As more and more people visit from mobile devices I don't want them prompted to use their App. It's essentially steering people toward a cut-down, degraded and buggy experience.


Critically, it's increasingly trying to tie/link itself into the forum and it's content so that it cannot be removed. Culling it now will ensure that UKM runs as an independent community.


If you're currently on Tapatalk please try the site in your mobile browser, it's improved massively over the last few months.


----------



## Galaxy (Aug 1, 2011)

Thats me gone so....


----------



## A1243R (Nov 2, 2014)

Galaxy said:


> Thats me gone so....


 Why? Tapatalk is s**t haha.


----------



## Jordan08 (Feb 17, 2014)

Wise decision.


----------



## T100 (Oct 8, 2011)

Havent been on the forum since the summer, tapatalk was the only way to view ukm for me up until the upgrade, be interested to see the changes since I've last been on here, I take felone has made a new log since then and is the ukm clothing range on shelves now ?


----------



## FelonE1 (Dec 23, 2013)

T100 said:


> Havent been on the forum since the summer, tapatalk was the only way to view ukm for me up until the upgrade, be interested to see the changes since I've last been on here, I take felone has made a new log since then and is the ukm clothing range on shelves now ?

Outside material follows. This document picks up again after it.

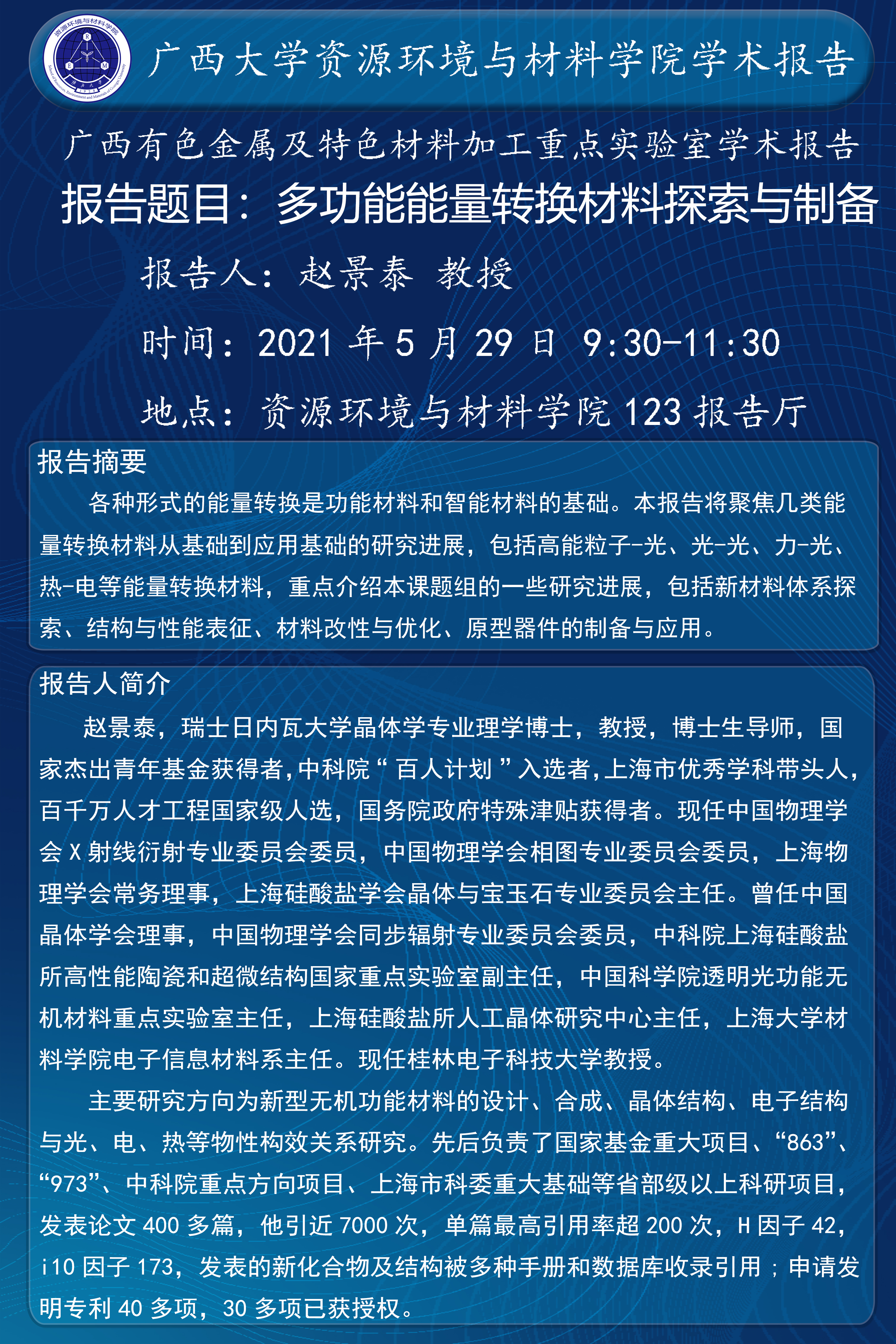 资源环境与材料学院学术报告:多功能能量转换材料探索与制备

5 logs,gained 7stone and won 3 comps


----------



## T100 (Oct 8, 2011)

FelonE said:


> 5 logs,gained 7stone and won 3 comps


A slow 6 months then bud haha


----------



## FelonE1 (Dec 23, 2013)

T100 said:


> A slow 6 months then bud haha


6 months? Thought you meant this week


----------



## T100 (Oct 8, 2011)

FelonE said:


> 6 months? Thought you meant this week


Haha missed this banter


----------



## FelonE1 (Dec 23, 2013)

T100 said:


> Haha missed this banter


Lol


----------



## T100 (Oct 8, 2011)

FelonE said:


> 6 months? Thought you meant this week


More chance of that than the clothing range though


----------



## FelonE1 (Dec 23, 2013)

T100 said:


> More chance of that than the clothing range though


Haha yep. Shame cos I'd wear it too


----------



## simonboyle (Aug 5, 2013)

Never understood why people use tapatalk anyway, always been a poor option.


----------



## Mogadishu (Aug 29, 2014)

simonboyle said:


> Never understood why people use tapatalk anyway, always been a poor option.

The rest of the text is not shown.